Demetrios: And what about those use cases where golden responses are very subjective?

Sourabh Agrawal: Yeah, I think that’s where the issues like. So I think in those scenarios, what we have seen is that one thing which people have been doing a lot is they try to see whether all information in the golden response is contained in the generated response. You don’t miss out any of the important information in your ground truth response. And on top of that you want it to be concise, so you don’t want it to be blabbering too much or giving highly verbose responses. So that is one way we are seeing where people are getting around this subjectivity issue of the responses by making sure that the key information is there. And then beyond that it’s being highly concise and it’s being to the point in terms of the task being asked.

Demetrios: And so you kind of touched on this earlier, but can you say it again? Because I don’t know if I fully grasped it. Where are all the places in the system that you are evaluating? Because it’s not just the output. Right. And how do you look at evaluation as a system rather than just evaluating the output every once in a while?

Sourabh Agrawal: Yeah, so I mean, what we do is we plug with every part.

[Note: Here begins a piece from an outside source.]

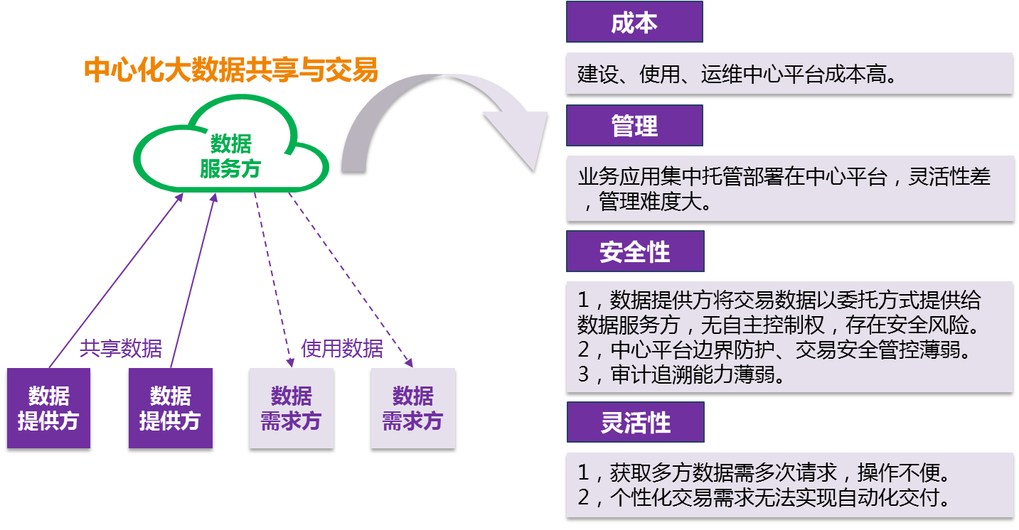 國內(nèi)大數(shù)據(jù)交易處于初期階段,部分大數(shù)據(jù)交易平臺(tái)制定了大數(shù)據(jù)交易規(guī)則,對(duì)交易平臺(tái)、交易主體、交易對(duì)象進(jìn)行規(guī)范,屬于探索性質(zhì)。針對(duì)大數(shù)據(jù)交易共性敏感問題,缺乏全面、權(quán)威、有公信力的解決方案。在中心化系統(tǒng)結(jié)構(gòu)下,大數(shù)據(jù)交易存在成本、管理、安全性、靈活性等方面的問題難以突破,對(duì)大數(shù)據(jù)安全共享與交易形成了挑戰(zhàn)。

So even if you start with retrieval, so we have a high level check where we look at the quality of retrieved context. And then we also have evaluations for every part of this retrieval pipeline. So if you’re doing query rewrite, if you’re doing re ranking, if you’re doing sub question, we have evaluations for all of them. In fact, we have worked closely with the llama index team to kind of integrate with all of their modular pipelines. Secondly, once we cross the retrieval step, we have around five to six matrices on this retrieval part. Then we look at the response generation. We have their evaluations for different criterias.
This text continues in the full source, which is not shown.